» Prompt
The answer must be the full listing, retyped exactly.

» Data records
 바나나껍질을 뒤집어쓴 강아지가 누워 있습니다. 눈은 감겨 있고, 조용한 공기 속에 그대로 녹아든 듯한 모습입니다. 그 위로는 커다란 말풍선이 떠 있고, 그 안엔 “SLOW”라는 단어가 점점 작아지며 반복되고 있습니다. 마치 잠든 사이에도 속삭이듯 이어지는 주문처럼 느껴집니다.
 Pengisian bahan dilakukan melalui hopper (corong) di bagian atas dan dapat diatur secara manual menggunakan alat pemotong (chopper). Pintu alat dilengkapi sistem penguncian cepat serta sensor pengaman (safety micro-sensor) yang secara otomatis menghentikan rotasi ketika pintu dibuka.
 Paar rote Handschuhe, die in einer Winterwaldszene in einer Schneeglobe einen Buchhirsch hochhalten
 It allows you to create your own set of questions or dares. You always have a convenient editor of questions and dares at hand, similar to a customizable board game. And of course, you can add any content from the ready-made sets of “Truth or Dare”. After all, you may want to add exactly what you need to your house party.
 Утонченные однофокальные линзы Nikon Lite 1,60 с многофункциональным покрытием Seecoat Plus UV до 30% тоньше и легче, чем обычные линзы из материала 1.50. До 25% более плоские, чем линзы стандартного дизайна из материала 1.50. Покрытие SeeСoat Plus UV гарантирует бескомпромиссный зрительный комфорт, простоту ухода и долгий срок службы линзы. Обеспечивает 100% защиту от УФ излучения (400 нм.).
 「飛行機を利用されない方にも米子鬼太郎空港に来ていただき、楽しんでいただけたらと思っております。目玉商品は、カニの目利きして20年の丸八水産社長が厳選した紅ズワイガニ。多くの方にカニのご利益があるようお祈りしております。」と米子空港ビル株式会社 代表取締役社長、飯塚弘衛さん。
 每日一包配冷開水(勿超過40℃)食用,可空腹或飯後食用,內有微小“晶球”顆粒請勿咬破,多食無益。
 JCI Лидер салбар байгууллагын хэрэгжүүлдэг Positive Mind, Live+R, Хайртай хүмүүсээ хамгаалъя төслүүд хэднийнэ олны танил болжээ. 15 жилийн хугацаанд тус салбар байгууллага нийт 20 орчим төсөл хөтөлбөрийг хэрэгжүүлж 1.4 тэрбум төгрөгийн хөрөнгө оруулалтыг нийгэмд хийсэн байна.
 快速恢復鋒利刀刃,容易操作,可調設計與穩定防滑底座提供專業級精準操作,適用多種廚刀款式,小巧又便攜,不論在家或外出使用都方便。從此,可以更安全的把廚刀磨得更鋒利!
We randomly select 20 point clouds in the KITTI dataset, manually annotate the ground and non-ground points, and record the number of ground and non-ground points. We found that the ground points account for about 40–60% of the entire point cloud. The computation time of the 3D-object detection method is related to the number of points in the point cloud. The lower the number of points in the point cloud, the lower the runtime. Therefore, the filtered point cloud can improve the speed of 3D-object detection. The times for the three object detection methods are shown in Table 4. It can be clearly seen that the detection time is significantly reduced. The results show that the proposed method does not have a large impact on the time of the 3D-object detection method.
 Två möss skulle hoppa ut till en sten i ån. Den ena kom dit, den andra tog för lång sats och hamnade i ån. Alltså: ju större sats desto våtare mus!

» Solved problem
 바나나껍질을 뒤집어쓴 강아지가 누워 있습니다. 눈은 감겨 있고, 조용한 공기 속에 그대로 녹아든 듯한 모습입니다. 그 위로는 커다란 말풍선이 떠 있고, 그 안엔 “SLOW”라는 단어가 점점 작아지며 반복되고 있습니다. 마치 잠든 사이에도 속삭이듯 이어지는 주문처럼 느껴집니다.
 Pengisian bahan dilakukan melalui hopper (corong) di bagian atas dan dapat diatur secara manual menggunakan alat pemotong (chopper). Pintu alat dilengkapi sistem penguncian cepat serta sensor pengaman (safety micro-sensor) yang secara otomatis menghentikan rotasi ketika pintu dibuka.
 Paar rote Handschuhe, die in einer Winterwaldszene in einer Schneeglobe einen Buchhirsch hochhalten
 It allows you to create your own set of questions or dares. You always have a convenient editor of questions and dares at hand, similar to a customizable board game. And of course, you can add any content from the ready-made sets of “Truth or Dare”. After all, you may want to add exactly what you need to your house party.
 Утонченные однофокальные линзы Nikon Lite 1,60 с многофункциональным покрытием Seecoat Plus UV до 30% тоньше и легче, чем обычные линзы из материала 1.50. До 25% более плоские, чем линзы стандартного дизайна из материала 1.50. Покрытие SeeСoat Plus UV гарантирует бескомпромиссный зрительный комфорт, простоту ухода и долгий срок службы линзы. Обеспечивает 100% защиту от УФ излучения (400 нм.).
 「飛行機を利用されない方にも米子鬼太郎空港に来ていただき、楽しんでいただけたらと思っております。目玉商品は、カニの目利きして20年の丸八水産社長が厳選した紅ズワイガニ。多くの方にカニのご利益があるようお祈りしております。」と米子空港ビル株式会社 代表取締役社長、飯塚弘衛さん。
 每日一包配冷開水(勿超過40℃)食用,可空腹或飯後食用,內有微小“晶球”顆粒請勿咬破,多食無益。
 JCI Лидер салбар байгууллагын хэрэгжүүлдэг Positive Mind, Live+R, Хайртай хүмүүсээ хамгаалъя төслүүд хэднийнэ олны танил болжээ. 15 жилийн хугацаанд тус салбар байгууллага нийт 20 орчим төсөл хөтөлбөрийг хэрэгжүүлж 1.4 тэрбум төгрөгийн хөрөнгө оруулалтыг нийгэмд хийсэн байна.
 快速恢復鋒利刀刃,容易操作,可調設計與穩定防滑底座提供專業級精準操作,適用多種廚刀款式,小巧又便攜,不論在家或外出使用都方便。從此,可以更安全的把廚刀磨得更鋒利!
We randomly select 20 point clouds in the KITTI dataset, manually annotate the ground and non-ground points, and record the number of ground and non-ground points. We found that the ground points account for about 40–60% of the entire point cloud. The computation time of the 3D-object detection method is related to the number of points in the point cloud. The lower the number of points in the point cloud, the lower the runtime. Therefore, the filtered point cloud can improve the speed of 3D-object detection. The times for the three object detection methods are shown in Table 4. It can be clearly seen that the detection time is significantly reduced. The results show that the proposed method does not have a large impact on the time of the 3D-object detection method.
 Två möss skulle hoppa ut till en sten i ån. Den ena kom dit, den andra tog för lång sats och hamnade i ån. Alltså: ju större sats desto våtare mus!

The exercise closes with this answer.